* DATA SEGMENT:
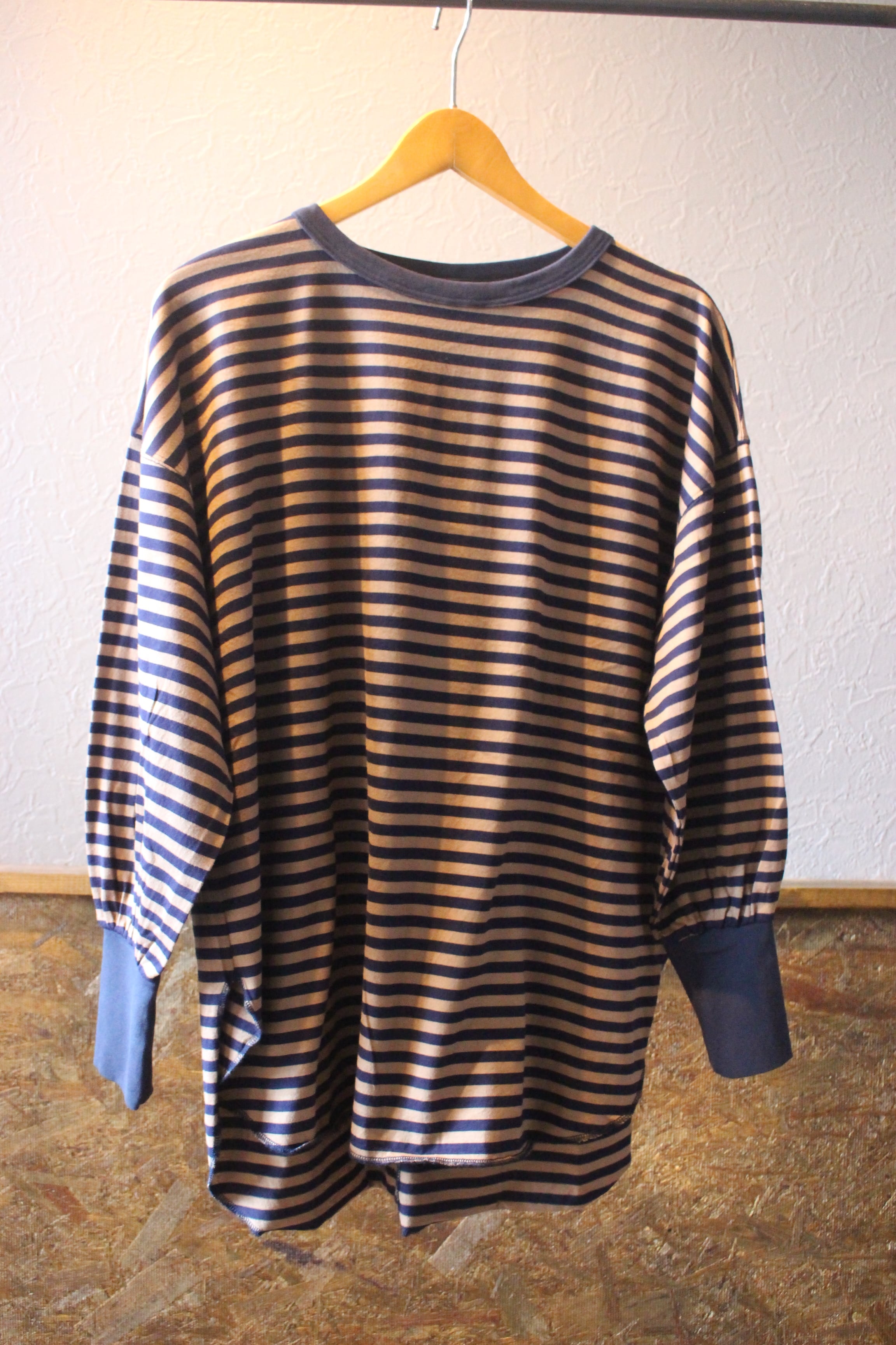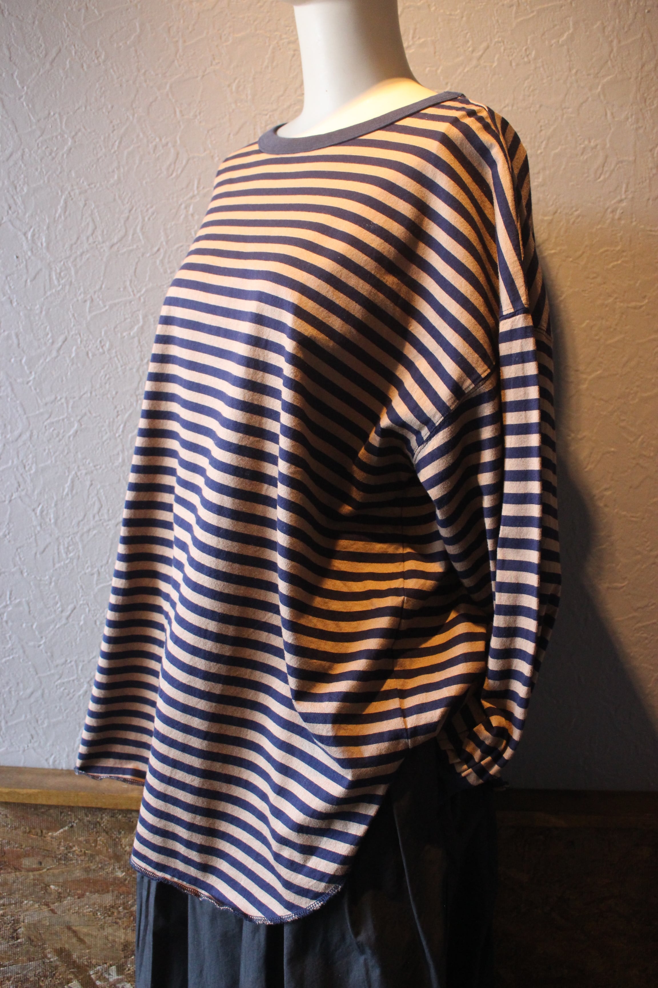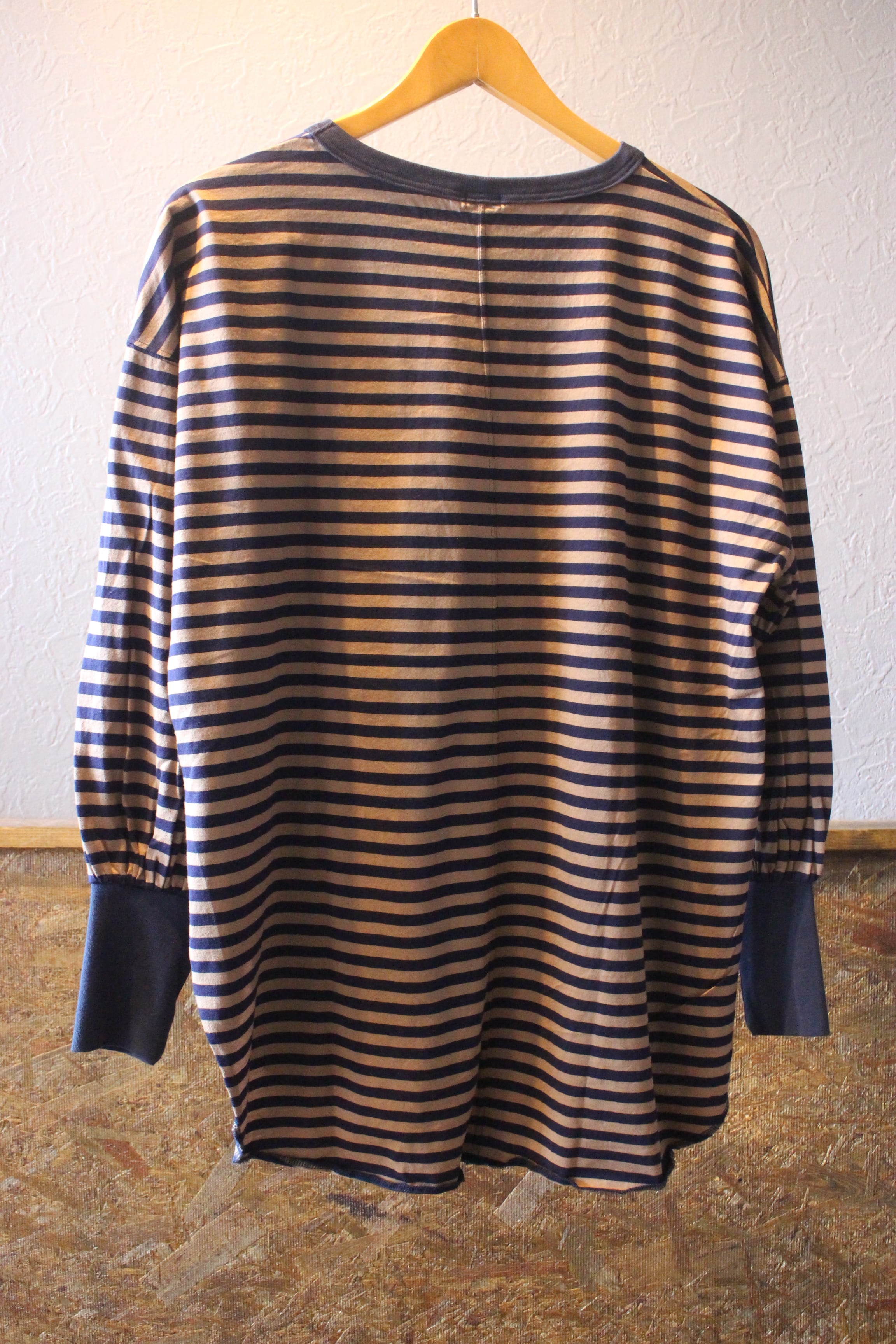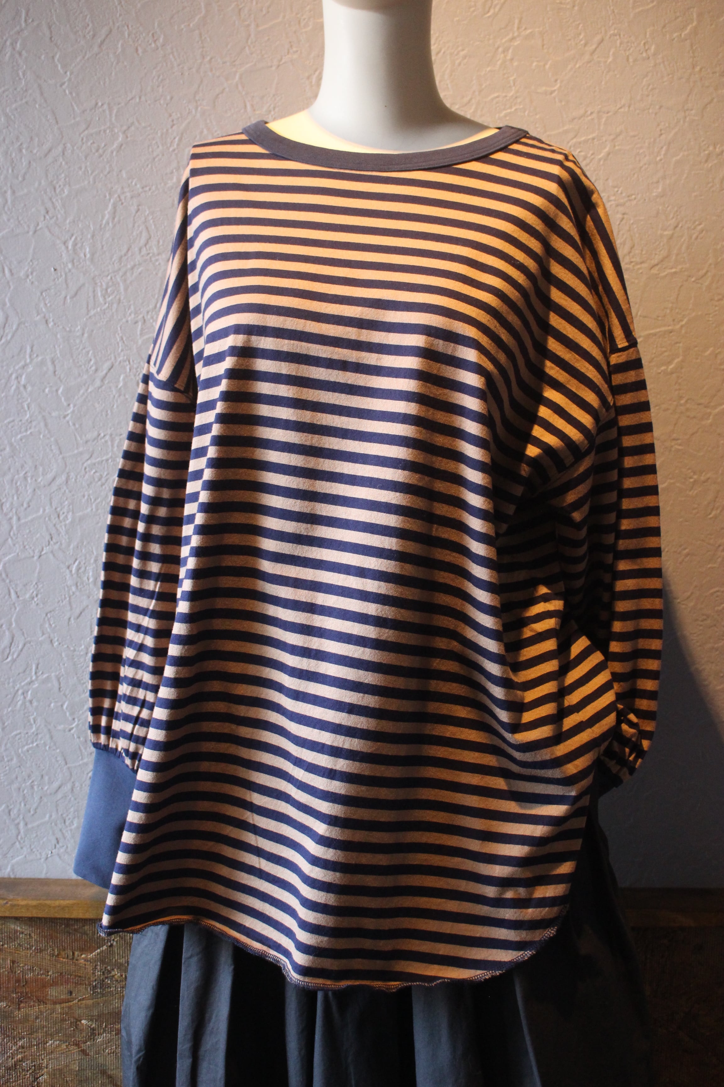 長めの袖リブ、前後差のあるラウンドした裾がアクセントになったボーダー。
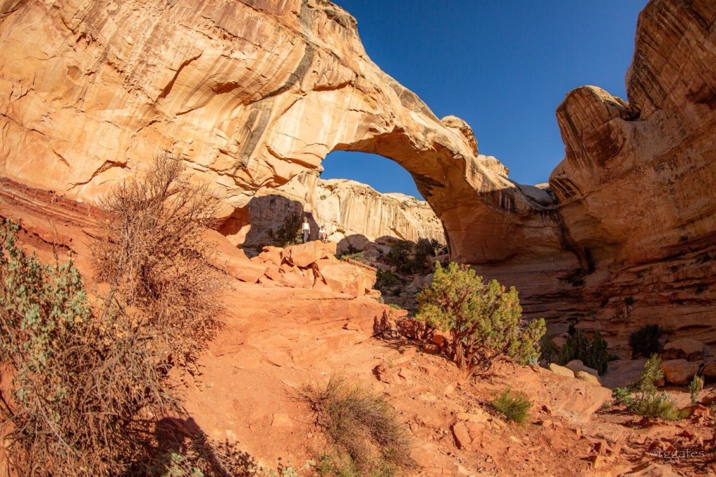 Before we took off, while Henry and Lydia took some early morning time to sleep in, Lincoln joined Jenn and me for a quick hike out to Hickman Bridge in Capitol Reef National Park. Unfortunately, our experience opportunities were limited in CRNP due to widespread road closures for maintenance. Even the scenic drive was unavailable. The trails were advertised as remaining open, but that was a little disingenuous because accessing the trailheads required parking on the road and walking miles in, adding significantly to the distance to travel.
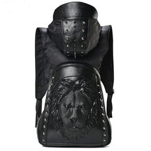Cool MEN Hip-hop Rock Style 3D Lion Backpacks Street Fashion Black Rivet Bagpacks Outdoor Travel Camping Motorcycle Bags 1038TP

* BRIEF:
Retype the listing exactly and drop the pictures.

* ANSWER SECTION:
 長めの袖リブ、前後差のあるラウンドした裾がアクセントになったボーダー。
 Before we took off, while Henry and Lydia took some early morning time to sleep in, Lincoln joined Jenn and me for a quick hike out to Hickman Bridge in Capitol Reef National Park. Unfortunately, our experience opportunities were limited in CRNP due to widespread road closures for maintenance. Even the scenic drive was unavailable. The trails were advertised as remaining open, but that was a little disingenuous because accessing the trailheads required parking on the road and walking miles in, adding significantly to the distance to travel.
Cool MEN Hip-hop Rock Style 3D Lion Backpacks Street Fashion Black Rivet Bagpacks Outdoor Travel Camping Motorcycle Bags 1038TP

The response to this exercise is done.